CoT-X: An Adaptive Framework for Cross-Model Chain-of-Thought Transfer and Optimization
- URL: http://arxiv.org/abs/2511.05747v1
- Date: Fri, 07 Nov 2025 22:35:31 GMT
- Title: CoT-X: An Adaptive Framework for Cross-Model Chain-of-Thought Transfer and Optimization
- Authors: Ziqian Bi, Kaijie Chen, Tianyang Wang, Junfeng Hao, Xinyuan Song,
- Abstract summary: Chain-of-Thought (CoT) reasoning enhances the problem-solving ability of large language models (LLMs) but leads to substantial inference overhead.<n>This paper investigates efficient CoT transfer across models of different scales and architectures through an adaptive reasoning summarization framework.

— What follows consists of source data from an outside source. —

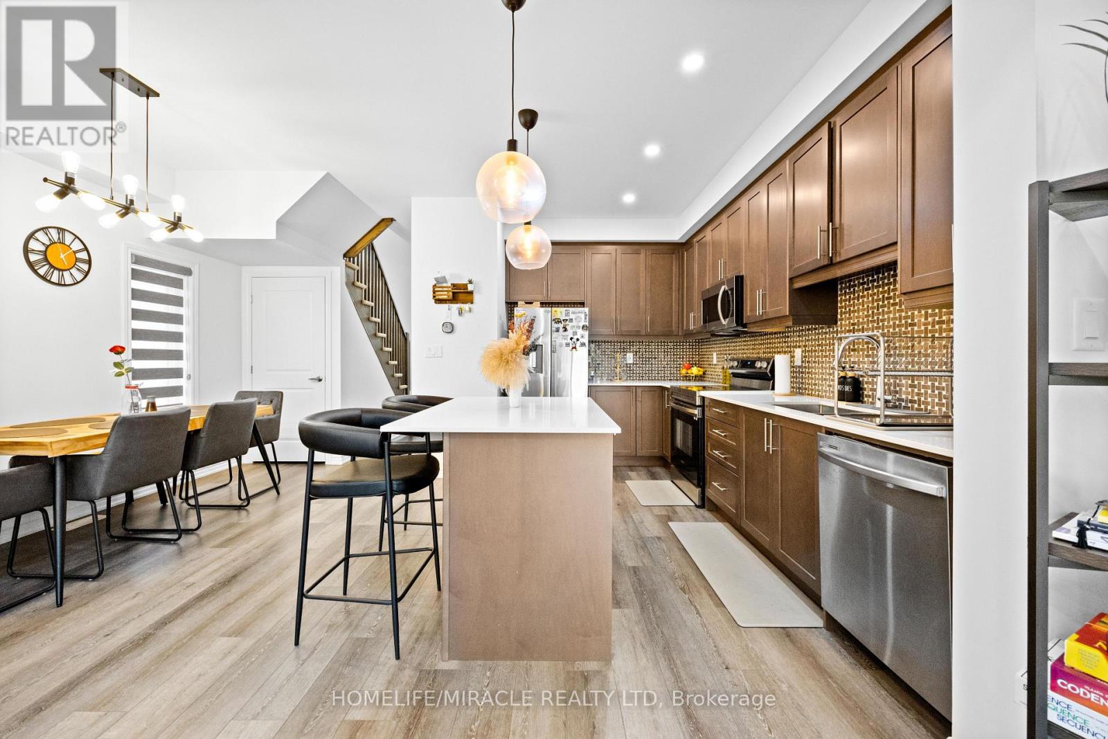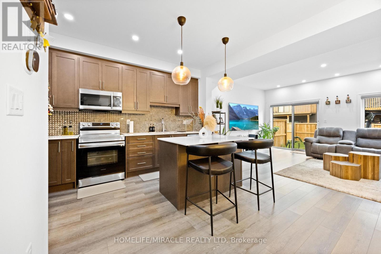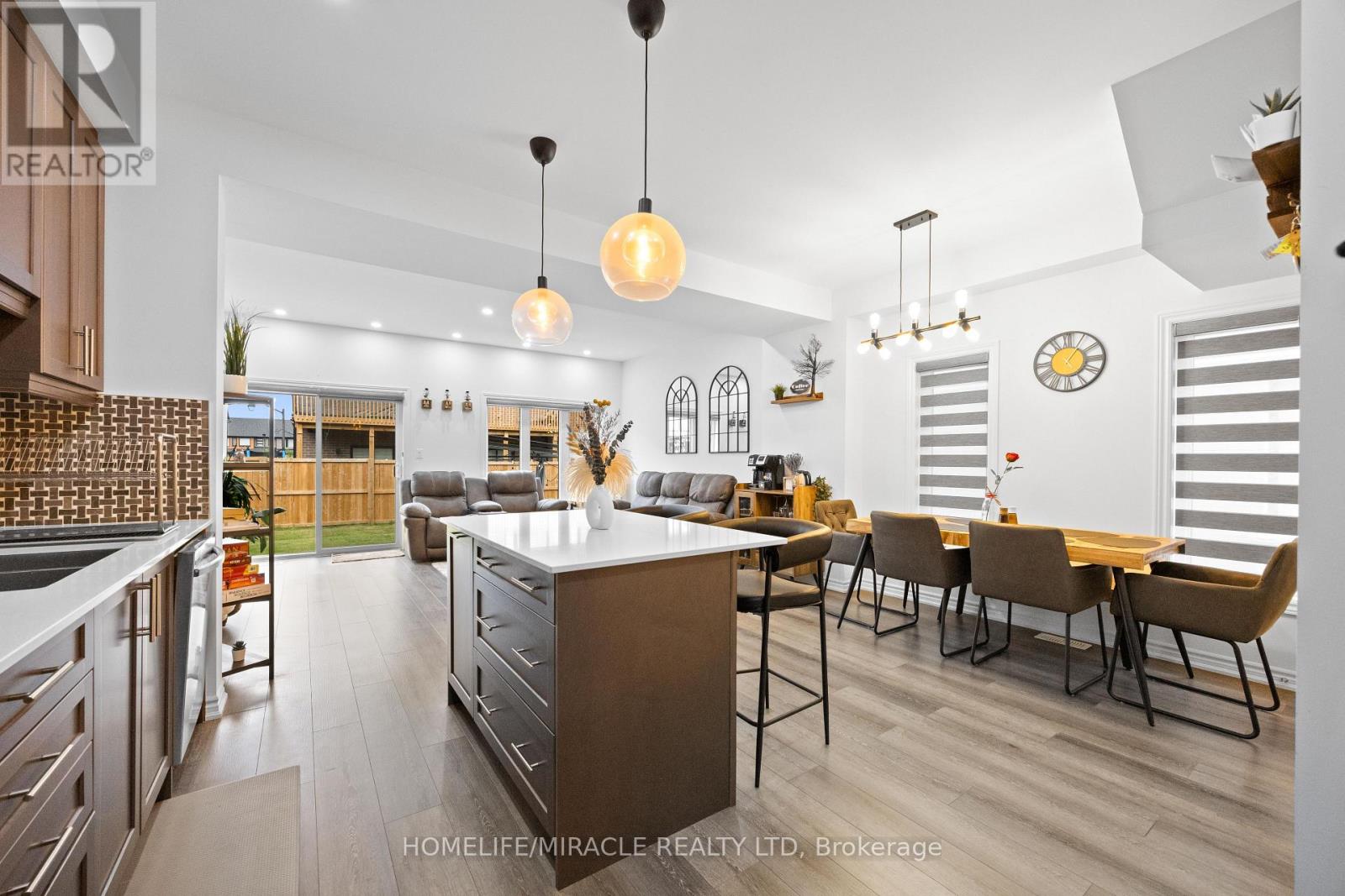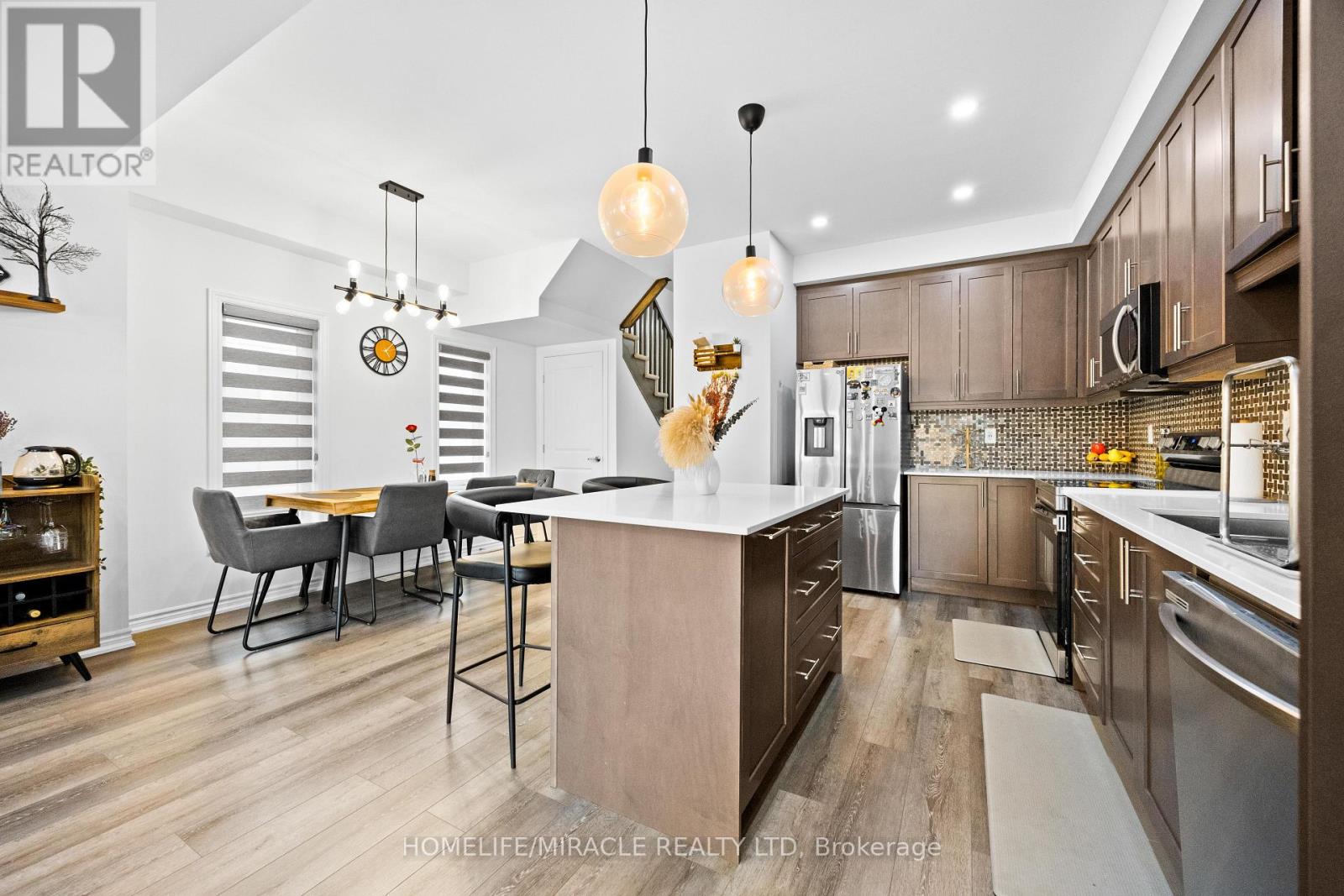 -Main Awesome End-unit Freehold Townhouse (feels like semi detached), Move In Ready! Corner Enhanced End Unit 1709 Sq Feet 2 Storey Freehold Townhouse Just Like Semi, In Sought Area Of brant West! 3 Bedrooms, 2.5Baths.Bright/Spacious Have Larger Windows For Natural Light Floor 9Ft Ceiling, Gorgeous Kitchen With Bigger Living & Dining Area, Quartz Counter, Deep Sinks. Must-See, 3 Years Old, Located in West Brantford community features a modern open-concept design with 9-foot smooth ceilings and laminate flooring throughout the main floor. The upgraded kitchen boasts quartz countertops, a stylish undermount sink, extended-height upper cabinets, a kitchen island, and a microwave space saver provision, along with brand-new stainless steel appliances, including a fridge, stove, and dishwasher. Beautiful entry leads to a large foyer, opening into a bright living room with a walkout to the backyard, filled with natural light from oversized windows, making it perfect for family gatherings or entertaining friends. The main floor also includes pot lights to enhance the space with warm, modern lighting. Upstairs, the primary bedroom offers a walk-in closet and a luxurious ensuite full washroom, while the second bedroom also includes a walk-in closet. A convenient second-floor laundry room comes equipped with a brand-new white front-loading washer and dryer. Located in a family-friendly neighborhood, this home is just minutes from top-rated schools, a community center, shopping, scenic trails, and major highways, with visitor parking and a kids' park conveniently situated in front of the house. Don't miss this incredible opportunity schedule a showing today! Furnace, A/C and Tankless hot water owned. (id:64974)
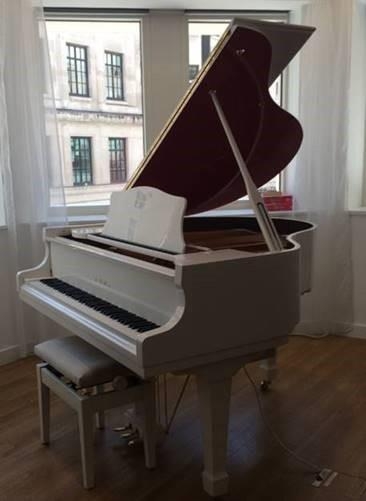 Kawai A recent 5ft Model GM10 grand piano in a bright white case on square tapered legs; together with a stool. Fitted with an IQ Air piano disc system. AMENDMENT Is a Ritter 4ft 8in grand piano.
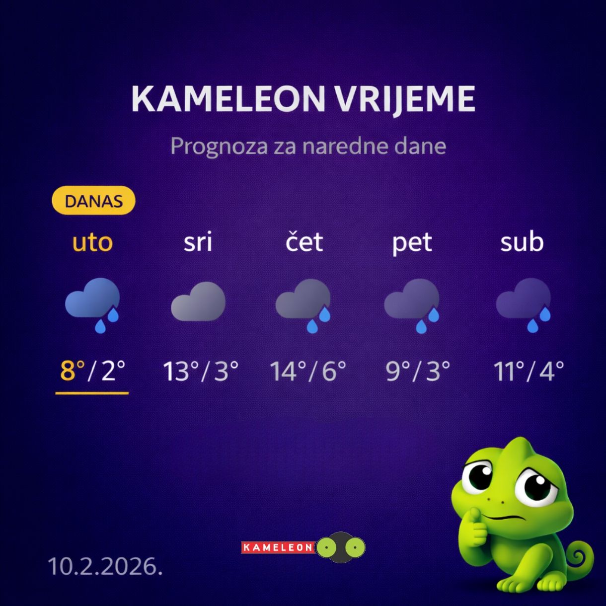 Tokom dana očekuje se pretežno oblačno vrijeme uz povremenu kišu. Na vrhovima planina padat će slab snijeg. Lokalno su mogući i jači pljuskovi, naročito u poslijepodnevnim satima u Hercegovini i na sjeveru Bosne.
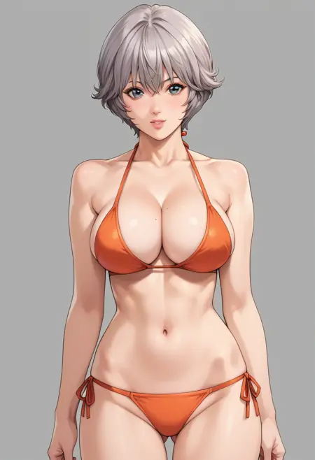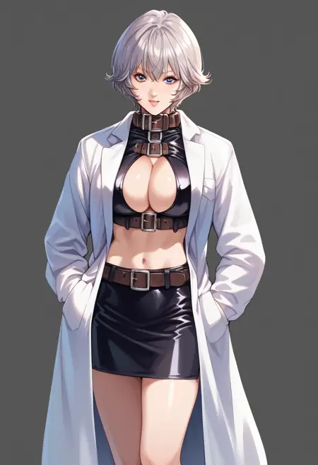 Trigger: suzuneari, short hair, gray hair female, large breasts, collar, cleavage, midriff, skirt, belt,
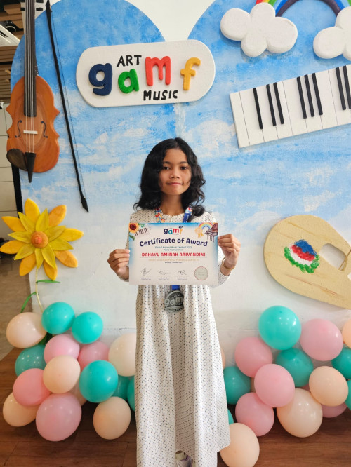 Surabaya – Salah satu siswi SD Negeri Sukabumi 2 Kota Probolinggo belum lama ini berhasil menorehkan prestasi di kompetisi musik. Dia adalah Dahayu Amirah Ariyandini, siswi kelas VID. Ia berhasil mendapatkan Silver Prize dalam Global Art and Music Festival 2023 Piano Competition. Adapun kompetisi tahunan tersebut diselenggarakan dengan tajuk Music Festival 7 - 8 Oct 23 @Surabaya (Onsite & Online) event managed by @sesabyldc In collaboration with @ippasea
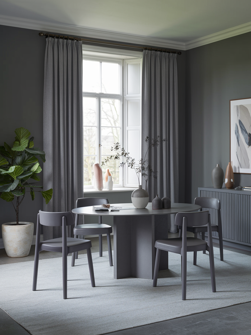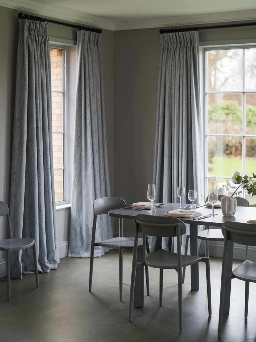 Grey curtains frame windows beautifully while adding softness and warmth to the dining room. Fabric choices such as linen, cotton, or velvet enhance texture and improve acoustics. Warmer grey tones prevent the space from feeling cold, especially during evening meals. Hanging curtains from ceiling height creates a sense of elegance and visual height. Grey curtains also allow flexibility, pairing easily with both neutral and colorful decor. They filter natural light gently, contributing to a calm and welcoming dining atmosphere that feels polished yet cozy.

- Score: 5.857877898558651
- License: http://creativecommons.org/licenses/by/4.0/
- Abstract: Chain-of-Thought (CoT) reasoning enhances the problem-solving ability of large language models (LLMs) but leads to substantial inference overhead, limiting deployment in resource-constrained settings. This paper investigates efficient CoT transfer across models of different scales and architectures through an adaptive reasoning summarization framework. The proposed method compresses reasoning traces via semantic segmentation with importance scoring, budget-aware dynamic compression, and coherence reconstruction, preserving critical reasoning steps while significantly reducing token usage. Experiments on 7{,}501 medical examination questions across 10 specialties show up to 40% higher accuracy than truncation under the same token budgets. Evaluations on 64 model pairs from eight LLMs (1.5B-32B parameters, including DeepSeek-R1 and Qwen3) confirm strong cross-model transferability. Furthermore, a Gaussian Process-based Bayesian optimization module reduces evaluation cost by 84% and reveals a power-law relationship between model size and cross-domain robustness. These results demonstrate that reasoning summarization provides a practical path toward efficient CoT transfer, enabling advanced reasoning under tight computational constraints. Code will be released upon publication.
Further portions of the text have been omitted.